The following day I made a beeline to Crater Lake National Park, 120 miles south. When I reached the area of Chumult, I noticed a strangeness in the air.
The first clue was an unreasonable number of American flags festooning the roadside — dozens of them, wherever I looked. The local businesses looked malnourished – all except those specializing in guns, ammo and liquor, which looked fat and sleek.
The area seemed hostile and defiant – hard right-wing country, to be sure. The strangeness intensified at Diamond Lake Junction; this is a real Twilight Zone kind of place. A local businesswoman I tried to engage in a discussion of current affairs said, “I can’t say nothin’.” She had fear in her eyes.

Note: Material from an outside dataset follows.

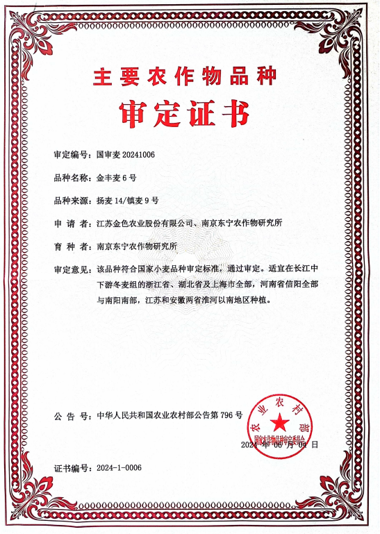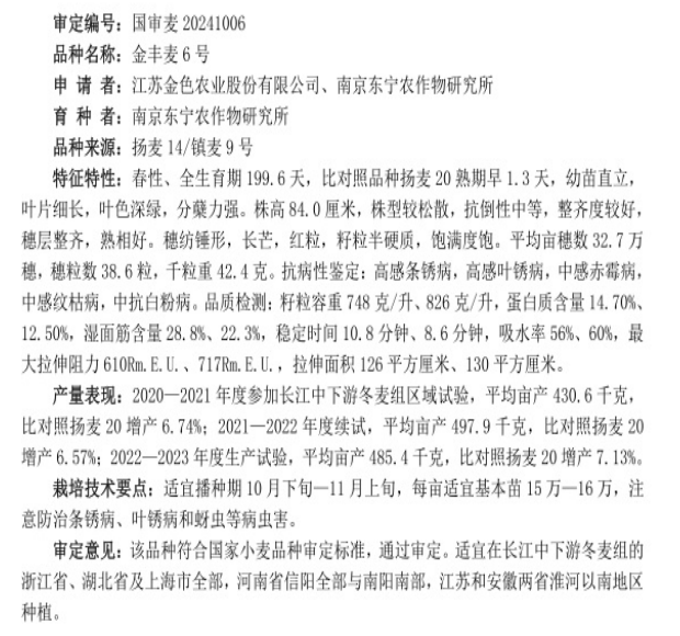 近日,農(nóng)業(yè)農(nóng)村部發(fā)布第五屆國家農(nóng)作物品種審定委員會第四次主任委員會會議審定通過的作物品種,農(nóng)業(yè)科技集團(tuán)所屬金色農(nóng)業(yè)選育的小麥新品種“金豐麥6號”通過國家審定。
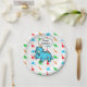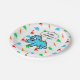 Cute hand drawn cartoon dinosaur birthday plates for a little boy's dinosaur themed birthday party. Red, green, blue and orange.

Twenty miles to the west of Diamond Lake Junction, and after a climb to 8000′, I arrived at Crater Lake. It really is splendid, more dazzling than I’d remembered. The park website (https://www.nps.gov/crla/index.htm) is indispensable. I spent 3 hours there snooping around … taking it all in… breathing deeply….then a quick run back to Redmond.
Next day, it was time to head for home. The trip back went smoothly. I find when I’m homeward bound, I don’t pay close attention to my environment; I just lower my head and go. All was well until I was nearing the town of Forks, on the west side of the Olympic Peninsula. I was hurrying to catch the ferry and was very neatly nabbed in a speed trap. I was caught fair and square, all right; the officer was a paragon of courtesy in a huge hat with a flat brim, a “Campaign Hat”. He fined me appropriately. I can’t really complain….it was a terrific trip.
And when I told my Mum (age 96) about the speeding ticket, she smiled wistfully and said, “Why, isn’t that marvellous?” Quite a sport, herself, my old Mum.